在天文學中，我們常以光變曲線來找尋小行星的自旋週期。光變曲線是天體的亮度對應於時間的變化的一個函數。傳統的方法是對光變曲線作週期分析，並將光變曲線對可能的週期進行疊合後，再以天文學家自身專業與經驗來判斷該光變曲線圖是何種週期類別。但是近年來由於天文觀測技術的提升，獲取的天文資料數量也大幅增加，傳統人工判斷的方法曠日廢時不再可行，因此需要設計有效的方法來協助天文學家判斷該光變曲線的週期類別。
本論文將以泛星計畫 (Pan-STARRS, Panoramic Survey Telescope and Rapid Response System) 所觀測出的光變曲線作為實驗的資料來源，以二階的傅立葉函數擬合泛星計畫的小行星光變曲線，並得到一個 reduce 2對應頻率的頻譜圖，在該頻譜圖中可以發現一至數個頻率有極小值的reduce 2，將該光變曲線對這幾個頻率進行疊合而得一個疊合光變曲線，並以此疊合光變曲線作為週期類別之判斷。
由於小行星的形狀不是正圓球體，在疊合光變曲線中若呈現雙峰狀並且與基線擬合程度夠高，便可以認定找到該小行星之週期，若呈現單峰狀則認定找到小行星之半週期，其餘的情況便認定該光變曲線無法找到小行星週期。在此狀況下，雙峰狀的疊合光變曲線類似W，而單峰狀的則類似V或倒V，因此本論文導入監督式學習(supervised learning)技術並使用卷積類神經網路(CNN, convolutional neural network)設計一個類似人工判斷週期類別之工具，以疊合光變曲線為輸入，最後輸出該疊合光變曲線之類別，即W、V、或無類別。實驗結果顯示，此方式的準確度高且判別速度遠快於傳統的人工瀏覽。

In astronomical researches, the rotation periods of asteroids can be derived from their light curves which are the brightness as a function of time. Traditionally, a periodical analysis is performed on the light curve, and then astronomers determine the category of a possible period according to the folded light curve (i.e., a light curve folded to a particular period). This process was relied on human inspection, but it becomes very formidable due to the advancement in the technology of astronomical observation in the last decade that increases the volume of astronomical data set dramatically. Therefore, manual inspection is no longer feasible, and it is necessary to adopt an automatic method to replace the aforementioned time-consuming human review process.

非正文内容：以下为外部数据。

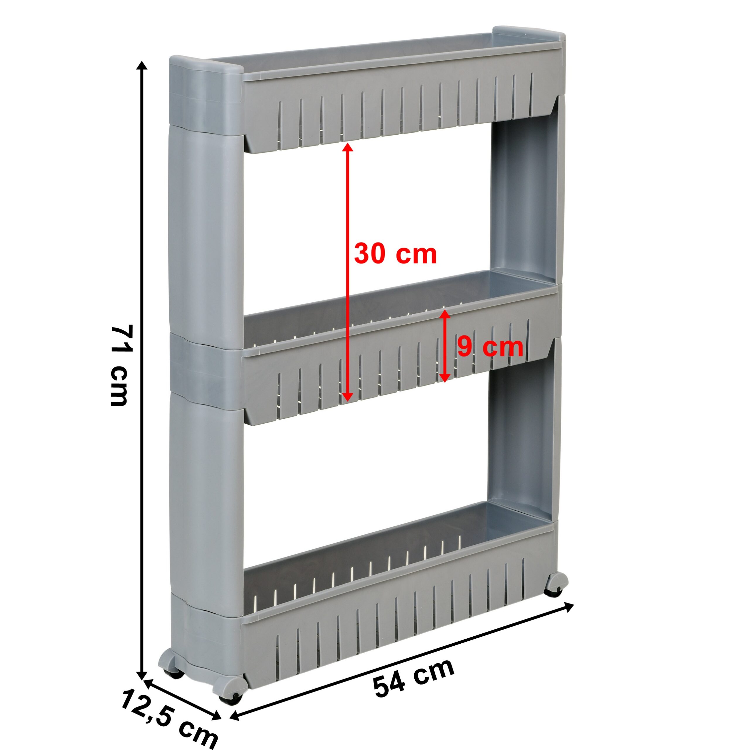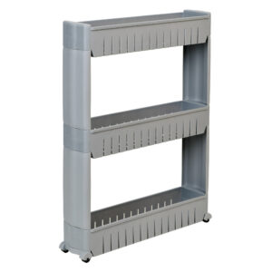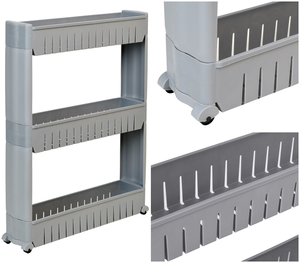 Mobilna szafka idealna do wąskich przestrzeni, takich jak kuchnia czy łazienka. Jej modułowa konstrukcja wykonana z wytrzymałego tworzywa umożliwia łatwe dopasowanie do potrzeb – półki można dodawać lub odejmować. Dzięki kompaktowym wymiarom doskonale sprawdzi się między szafką a lodówką, pralką czy w innych trudno dostępnych miejscach. Regał kuchenny świetnie nadaje się do przechowywania przypraw, akcesoriów kuchennych, kosmetyków, środków czystości i wielu innych niezbędnych rzeczy. Mobilność zapewniają cztery kółka, dzięki którym szafka łazienkowa na kółkach łatwo przemieszcza się tam, gdzie jest potrzebna.
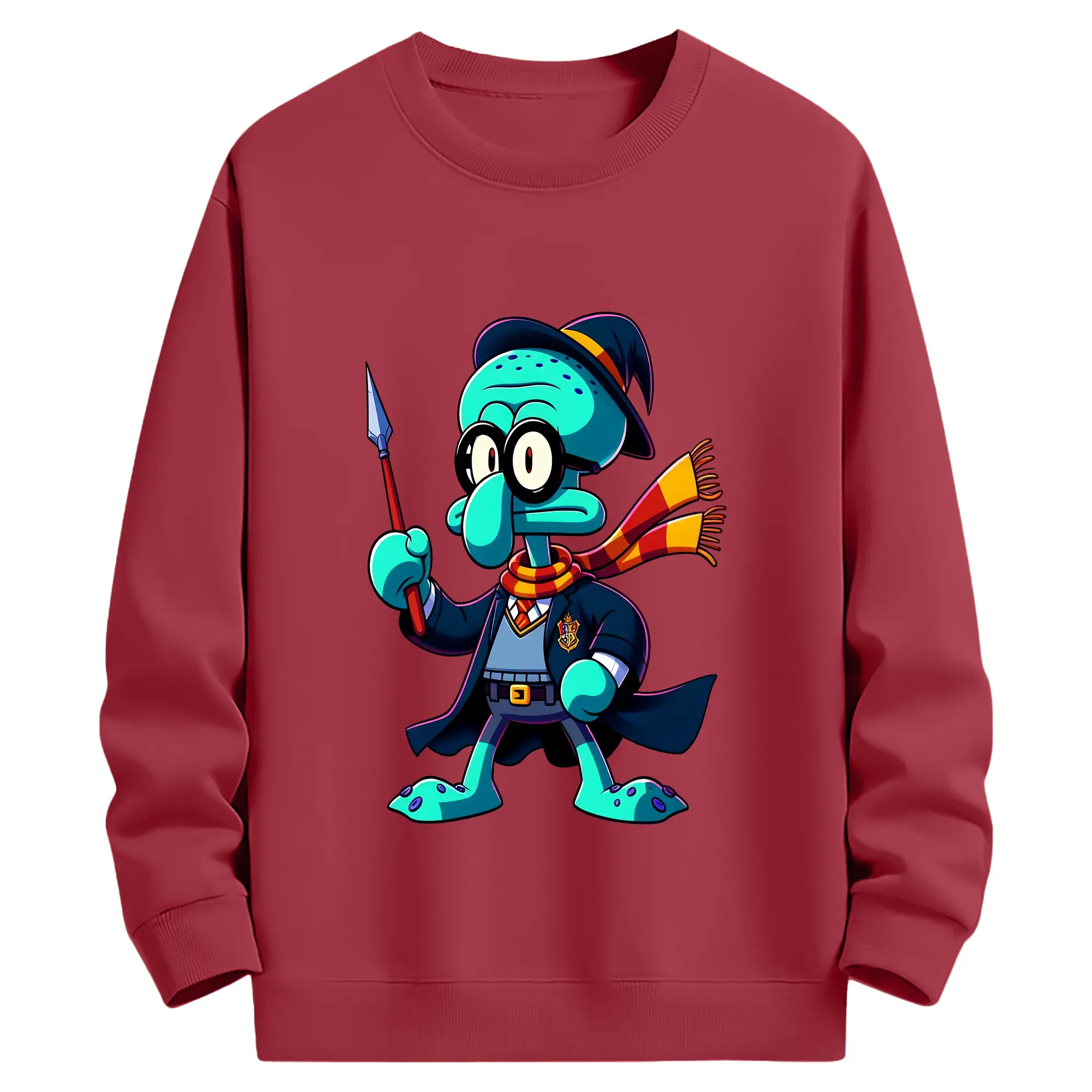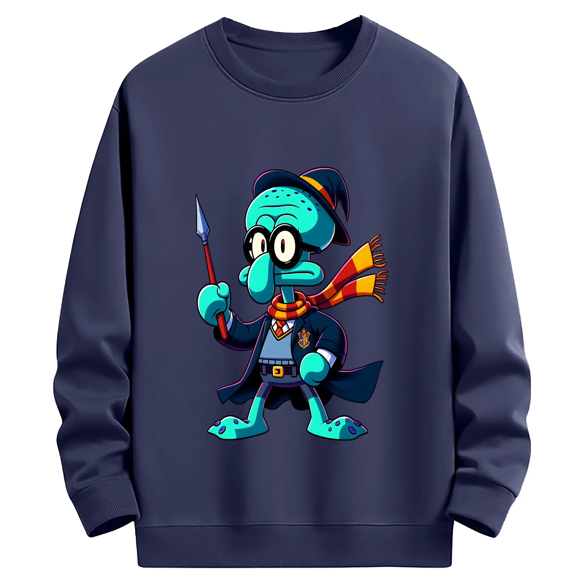 スポンジボブ グッズ イカルド - 薄手 クルーネック スウェット 裏毛260g · ポリエステル 春秋向け カジュアル 男女兼用 · トレーナー デイリー スポーツ 散歩に最適

In this research, we use the asteroid light curves obtained from the Panoramic Survey Telescope and Rapid Response System (Pan-STARRS). The light curves are fitted using the second-order Fourier series to find the possible rotation periods from the periodogram (i.e., the reduced 2 as a function of period). Then, a folded light curve of a certain period is generated. When a folded light curve shows a clear trend with a double-peak feature (i.e., similar to W), it is identified as a full rotation period. If a folded light curve only shows a single peak, a half rotation period is suggested (i.e., similar to V). The other cases are seen as no period found. Therefore, we deployed a deep learning technology, using convolutional neural network (CNN) as a network architecture, to construct a model to classify the folded light curves to W, V, and other shapes. From the study, we found that our model can precisely and yet much more effectively recognize a result consistent with that of human inspection.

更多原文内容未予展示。